Sherene H. Razack is Distinguished Professor and the Penny Kanner Endowed Chair in Gender Studies, UCLA. Her books include: Dying from Improvement: Inquests and Inquiries into Indigenous Deaths in Custody (2015); At the Limits of Justice: Women of Colour On Terror (2014, ed. With Suvendrini Perera); States of Race (2011, co-editor with Malinda Smith and Sunera Thobani); Casting Out: Race and the Eviction of Muslims From Western Law and Politics (2008) ; Dark Threats and White Knights: The Somalia Affair, Peacekeeping and the New Imperialism (2004)

Gary Fields is Associate Professor of Communication at the University of California, San Diego.

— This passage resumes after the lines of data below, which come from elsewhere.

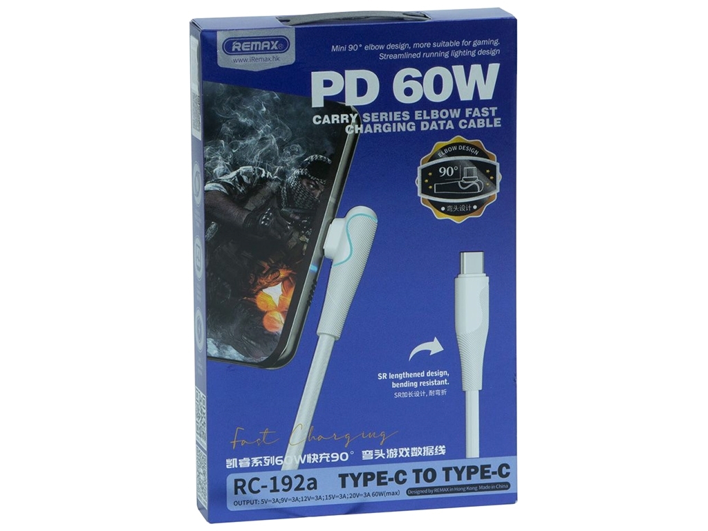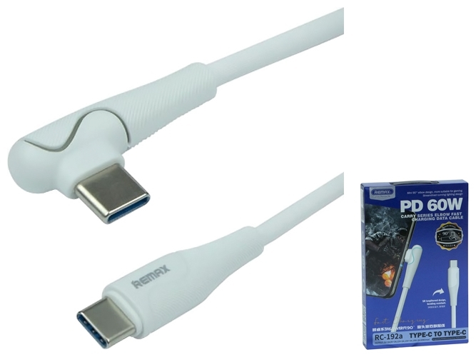 ?Кабель USB Remax RC-192a 60W 90° - сучасний кабель, що відрізняється практичною реалізацією та універсальністю, що дозволяє використовувати його для заряджання смартфонів, планшетів і навіть ноутбуків, підключення гаджетів до комп'ютера для синхронізації. Оригінальна реалізація конектора, призначеного для підключення до роз'єму для зарядки пристрою, забезпечить максимальний комфорт у повсякденній експлуатації завдяки своїй Г-подібній формі та стильно виконаному LED індикатору. Таке рішення дозволить із зручністю, наприклад, грати в гру на смартфоні під час його зарядки, не заламуючи кабель, визначити чи подається на нього харчування і буде дуже корисним в умовах недостатнього освітлення. Корпуси роз'ємів та обплетення кабелю мають приємну на дотик рельєфну поверхню, виготовлені з міцних еластомерів, стійких до зламів, розтягувань, високих та низьких температур. Модель оснащена інтелектуальною мікросхемою, що контролює процес зарядки, має потовщені жили із чистої міді, що дозволяє кабелю витримувати потужність 60Вт. Встановлення з'єднання між пристроями здійснюється через Type-C – Type-C.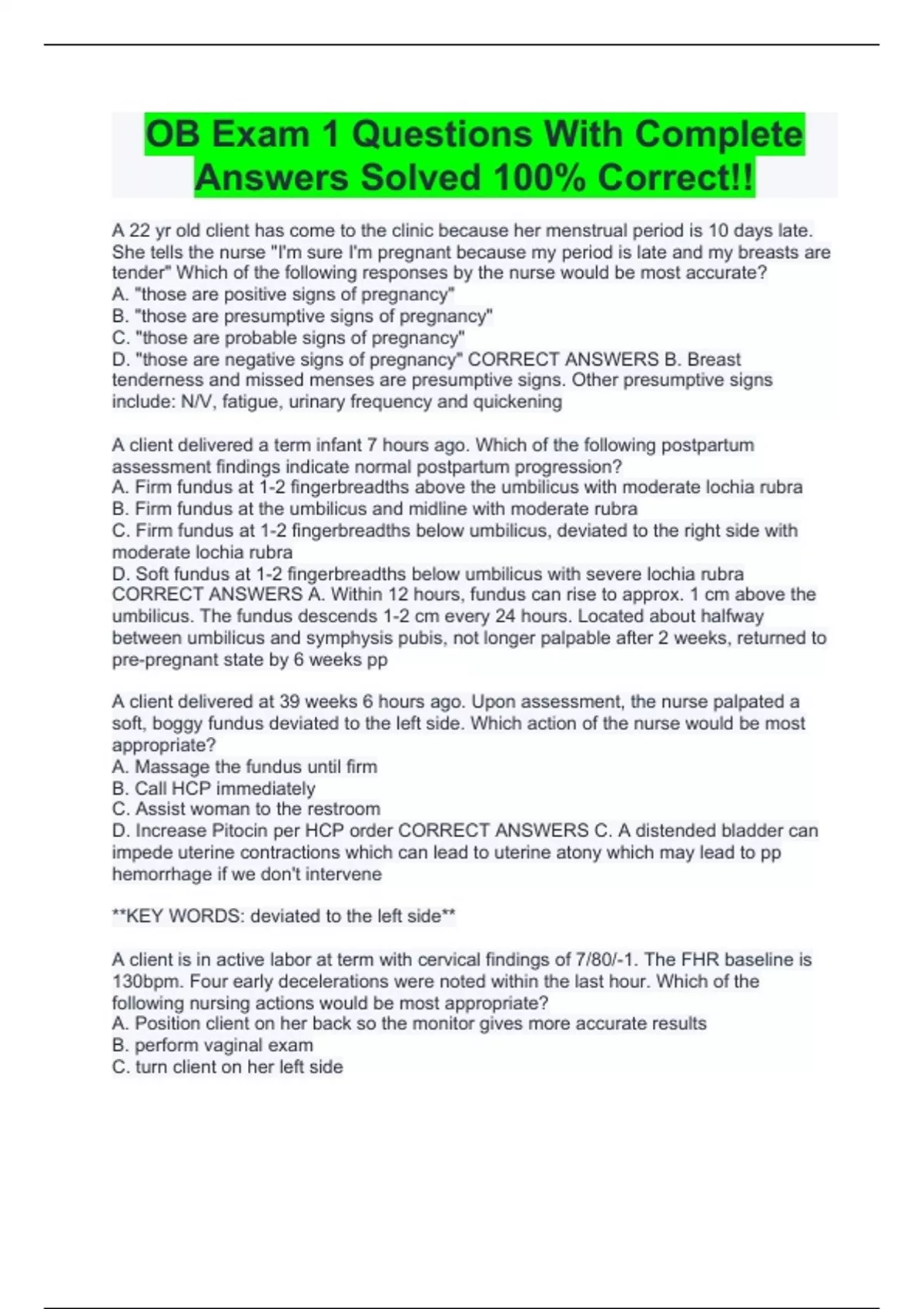 ob exam 1 questions with complete answers solved 1
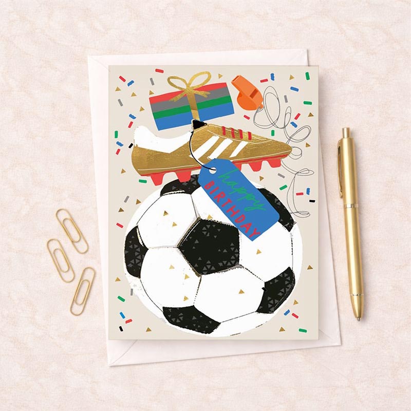 Score big with our striking A4 size greetings card featuring a bold football, a gleaming gold football boot, a beautifully wrapped birthday present, and a prominent whistle! With this dynamic design, we're kicking off the celebration in style, ready to make your birthday a championship-worthy event.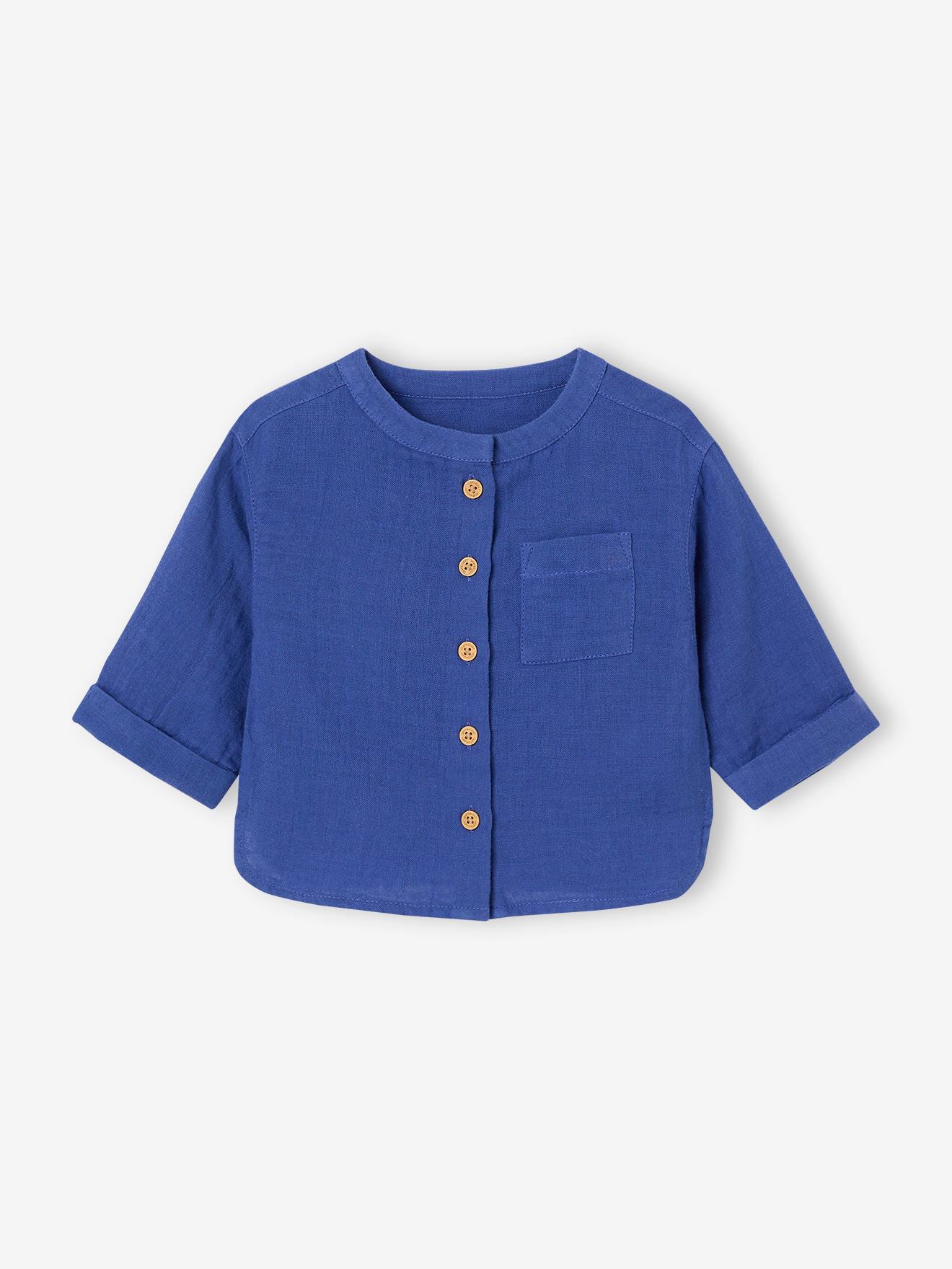 Baby Hemd mit Stehkragen aus Musselin, personalisierbar elektrisch blau Gr. 71 von vertbaudet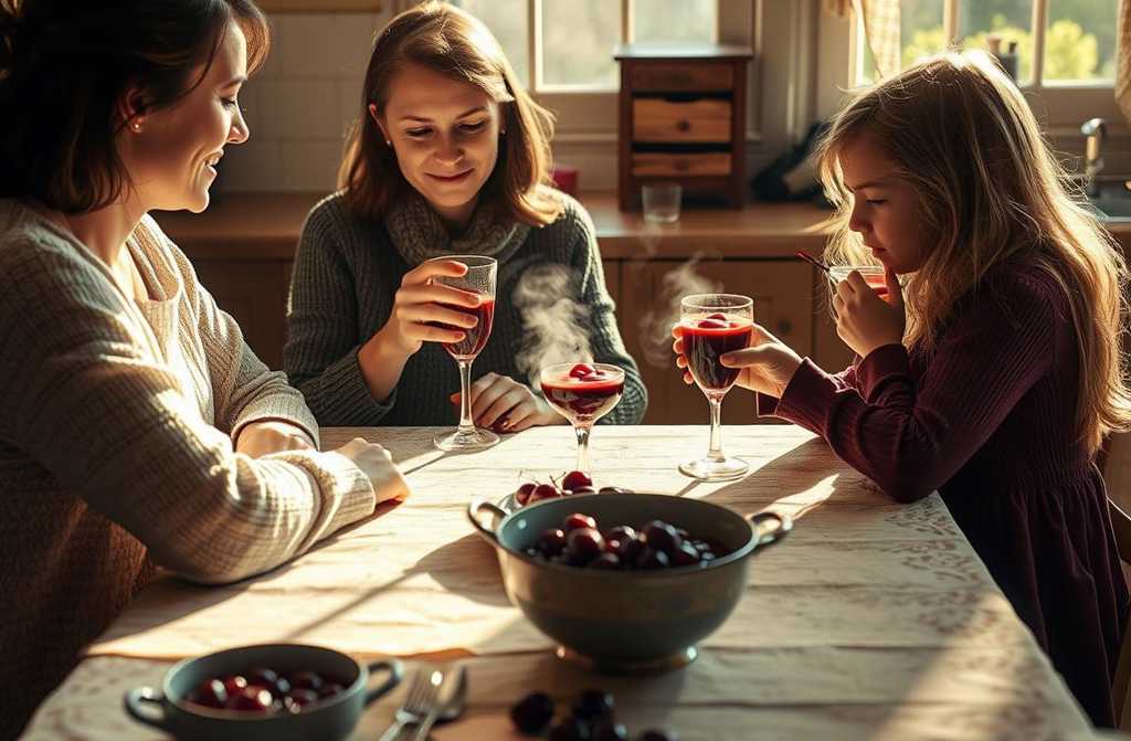 Emily wrapped her arms around her mothers shoulders and peered into the saucepan. The dark berries floated in syrup, filling the air with the familiar scent of childhood.

Laila Shereen Sakr is Assistant Professor of Film and Media Studies and Faculty Affiliate in the Feminist Studies Department at University of California, Santa Barbara. At UCSB, she has co-founded Wireframe, a new digital media studio that supports critical game design, data visualization, VR/augmented realities, digital arts and activism. She is known as the creator of the data-body, VJ Um Amel, and the R-Shief software system. Her creative research uses computer analytics, visualization, and immersive worldbuilding techniques to map how participation in social media has influenced the formation of a virtual body politic. Shereen Sakr has shown in solo and group exhibitions and performances at galleries and museums including the San Francisco MoMA, National Gallery of Art in Jordan, Camera Austria, Cultura Digital in Brazil, DC Fridge Art Gallery, 100 Copies in Egypt, among other venues. Her journal articles appear in Middle East Critique, Cinema Journal Teaching Dossier, Networking Knowledge: Journal of the Media, Communication, and Cultural Studies, Parson’s Journal for Information Mapping, Thoughtmesh: Critical Code Journal, and Feminist Debates in Digital Humanities (forthcoming). Over the last two decades, she has been a leading voice in the open source movement, in particular for Arabic localization. She is Co-Editor for the open access journal: Media Theory, and also for After Video published by Open Humanities Press. In addition, she is Research Collaborator in the Global Media Technologies & Cultures Lab at MIT. Professor Shereen Sakr holds an M.F.A. in Digital Arts and New Media from University of California, Santa Cruz, an M.A. in Arab Studies from Georgetown University, and a PhD in Media Arts + Practice from the University of Southern California. Reviews of her work appear in The Wall Street Journal, Science, The Chronicle of Higher Education, Fast Company, The Huffington Post, The Guardian, Voice of America, The Monocle, Art Territories, Digital Media and Learning, Egypt Independent, Mada Masr, Jadaliyyaand The Creators Project.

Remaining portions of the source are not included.